2021.2.14
メスにペニスがある虫、一妻多夫の鳥、15分おきにオスを求めるライオン…メスの求愛が激しい動物たち
動物まみれのめまぐるしくも愉快な日常とは……!?
生き物の知られざる生態についても、自筆のイラストとともに分かりやすく解説します。
動物の専門家によるお仕事&科学エッセイです。
前回は、カメの冬眠に潜むリスクについて解説しました。
今回は、バレンタインデーにちなみ、メスからの求愛についてのお話です。
生物界では珍しい“肉食系女子”
2月14日のバレンタインデーは、私の誕生日……なのですが、日本では一般的に「女性から愛を告白する日」として知られています。
生物の世界では、オスの方からアプローチするのが主流です。
メスは卵一つ作るのにたくさんのエネルギーを要しますが、それと比べてオスは大したコストをかけずに精子を量産できます。人間も女性が排卵するのは月に1度ですが、男性の精子がつくられるのは日々数千万。さらに受精してからも、メスには妊娠・出産という大仕事が待っていて、一部の生物に例外はあるものの、その間に次の妊娠はできません。
貴重な生殖の機会を狙うオスがたくさんいて、その中からメスに選んでもらえるように、オスの方から必死にアピールするわけです。
しかし、少数派ながらも、メスからオスへアプローチする動物もいます。
今回は生物界では珍しい“肉食系女子”(実際には「肉食動物」ではないものもの含む)な動物の生態を紹介します。
メスのペニスで交尾するトリカヘチャタテ
トリカヘチャタテは、チャタテムシの一種で、南米ブラジルに生息する体長3mm程度の昆虫です。
チャタテムシは日本でも見られる虫で、日本に生息する種は、よく本や畳、穀類などにいるため「害虫」扱いされることも。

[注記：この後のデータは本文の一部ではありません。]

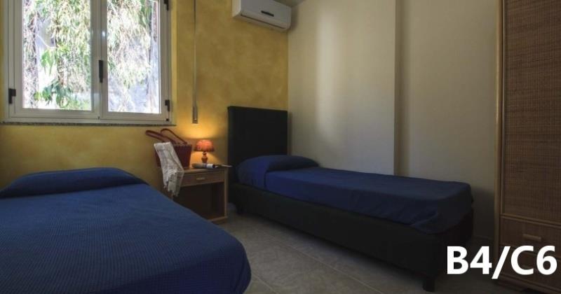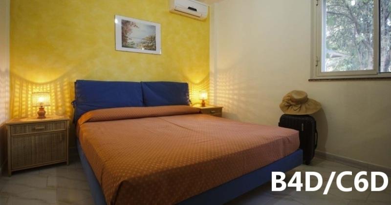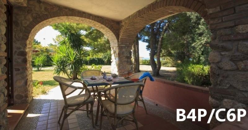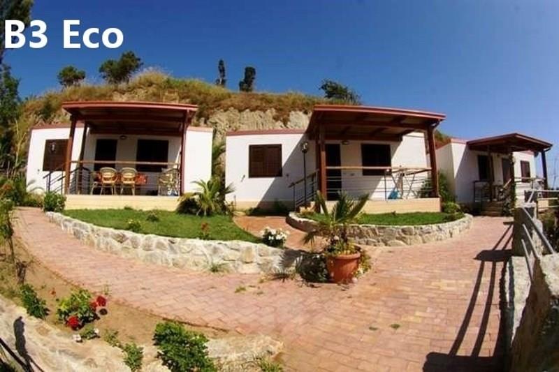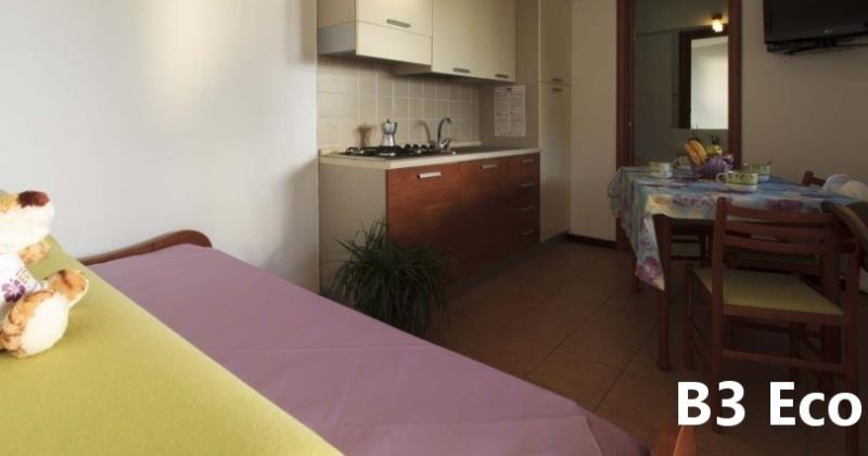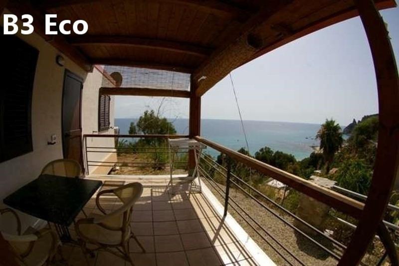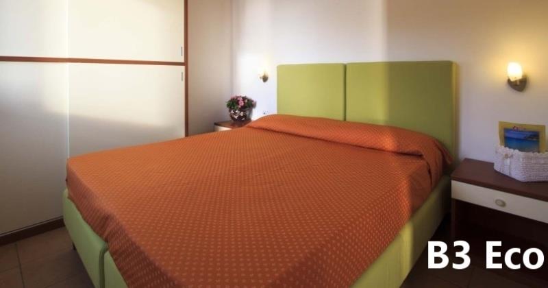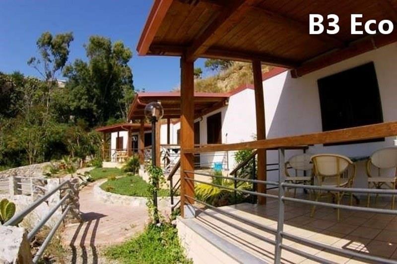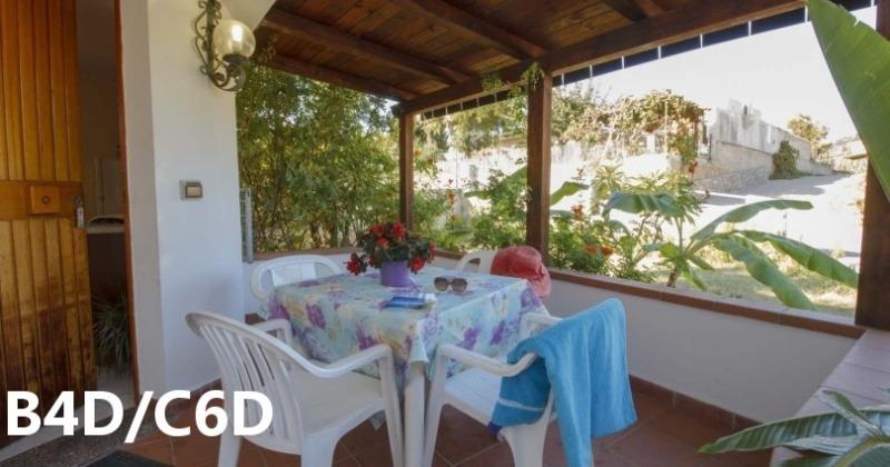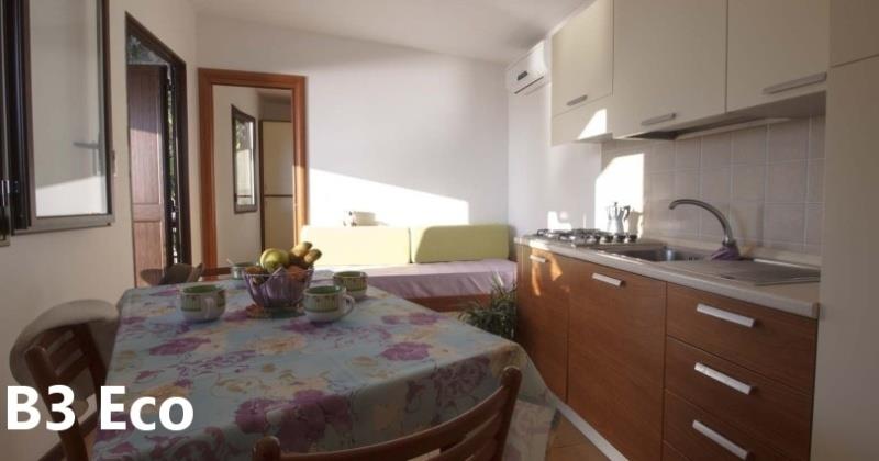 B3 ECO CASA: (max. 3 osoby) ložnice s dvojlůžkem, denní místnost s rozkládacím lůžkem a kuchyňským koutem, SPR+WC, fén, TV/SAT, klimatizace, veranda se zahradním nábytkem, výhled na moře.

ただし、チャタテムシ類は非常に多様な種を含み、害虫として知られるチャタテムシとトリカヘチャタテとでは、系統的にはかなり離れています。
とりわけ、南米にいるトリカヘチャタテは、洞窟という特殊な環境に暮らすせいか、独自の進化を遂げており、なんと、メスにペニスがあるのです。
以前この連載でメスにペニス“もどき”があるハイエナの生態について紹介しましたが、トリカヘチャタテの場合、“もどき”ではありません。
そのペニスには生殖機能があり、メス自らオスの体内に精子を取りにいく仕組みです。
詳しく見てみると、このペニスは根元に返しのような「トゲ」がある抜けにくい構造で、一度オスに挿入されると、2〜3日は挿れっぱなし!
オスの気持ちを想像するだけで震えます……。
いや、それでもメスにペニスはおかしいだろ! と思う方もいらっしゃるかもしれません。
確かに、私の手元にある、『岩波生物学事典』(岩波書店)をひくと、
「陰茎 [(英)penis] 動物の雄体から雌体に挿入され精液を輸送にするのに用いられる雄性外部生殖器官」
とあります。
ですから、このトリカヘチャタテの雌雄逆転した生態を明らかにした研究(2014年)は、辞書や教科書を書きかえなければならないほどの発見として注目されているのです。
同研究をまとめた論文は、「ペニス=オスの生殖器」という定義を覆すものとして話題を集め、2017年にイグ・ノーベル賞を受賞しました。
さらに、このイグ・ノーベル賞を受賞したチームの研究では、トリカヘチャタテのメスは、ペニスを使って精子を吸い取るだけでなく、エネルギー補給もしていることがわかっています。いや、オスが精子とともに栄養も送っているというべきでしょうか。
生息地であるブラジルの洞窟にはエサが乏しいため、卵を成熟させるために必要な養分を、オスが体内から供給しているのではないか、ということです。